Vergleichende genomische Analyse der ADP-Ribose-1′′-Monophosphatase in 19 Arabidopsis thaliana- Ökotypen

Huifang Jiang, Haichao Wei, Chunyun Jiang, Wei Sun, Wen Dong, Nini Chen, Hui Zhang, Yanxiu Zhao und Zenglan Wang

ADP-Ribose-1′′-Monophosphatase mit A1pp- oder MACRO-Domäne ist ein wichtiges Verarbeitungsenzym in Zellen, das am Spleißen der t-RNA-Verfahren beteiligt ist und die Umwandlung von ADP-Ribose-1′′-Monophosphat in ADP-Ribose katalysiert. Wir haben zwei Gene, AT1G69340 und AT2G40600, in Arabidopsis thaliana identifiziert und festgestellt, dass trotz vieler Unterschiede in den Aminosäuren die räumliche Struktur der konservierten Regionen ähnlich ist. Außerdem haben wir die Unterschiede in der Sequenz von Promotor, codierender Region und nicht-translatierter Region anhand der Daten des Gesamtgenoms von 19 Ökotypen analysiert und die Expression beider Gene in unterschiedlichen Geweben in Col-0 und in Sämlingen in 19 Ökotypen anhand der AtGenExpress-Datenbank und der RNA-Sequenzdaten verglichen.

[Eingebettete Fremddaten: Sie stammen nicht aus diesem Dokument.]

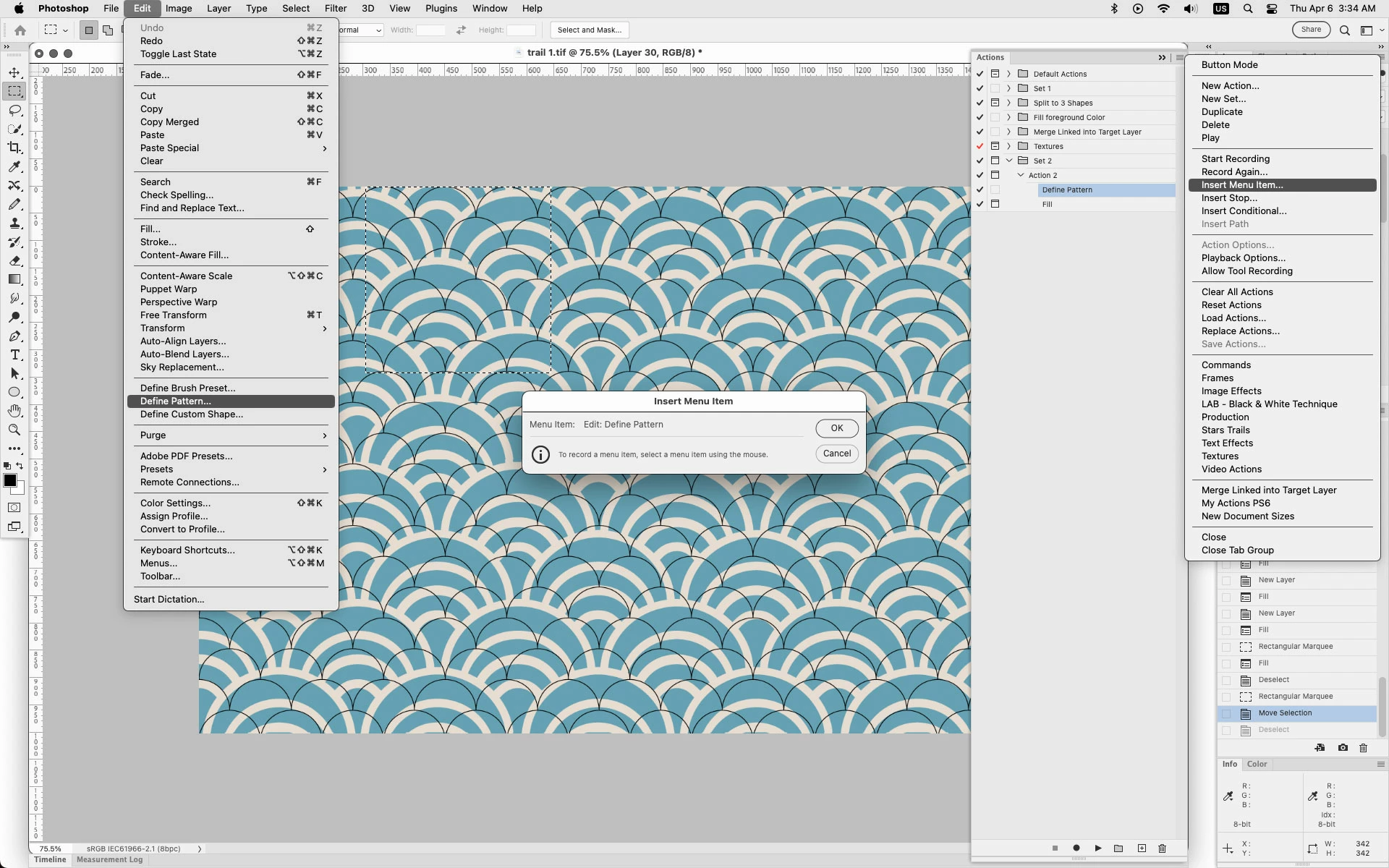 Hi there, I have created an action that takes a photoshop file, selects it then defines it as a pattern. Then the action proceeds to open a number of photoshop files and applies the pattern to the file. The problem I'm having is it isn't necessarily taking the latest generated pattern. Is there a way to do this? Where when it goes to apply the pattern on the new files just opened it uses the one I just created in the first step?

Wir haben festgestellt, dass dasselbe Gen in einigen Ökotypen unterschiedliche Expressionsmuster aufweist und dass die beiden Gene gemäß den Daten von Col-0 mit Ausnahme der Blütenorgane und Samen ähnliche Expressionsmuster aufweisen. Diese Ergebnisse deuten darauf hin, dass sich die Regulationsmechanismen der Expression dieser Gene in diesen Ökotypen aufgrund der Vielfalt der Transkriptionsfaktoren und Transkriptionsfaktor-Bindungsstellen geändert haben. Vor allem wird unsere Forschung einige Informationen zur Beschreibung der Genfunktion und der Ökotypkandidaten liefern, die zur Untersuchung der Genfunktion verwendet wurden.

Haftungsausschluss: Dieser Abstract wurde mit Hilfe von Künstlicher Intelligenz übersetzt und wurde noch nicht überprüft oder verifiziert.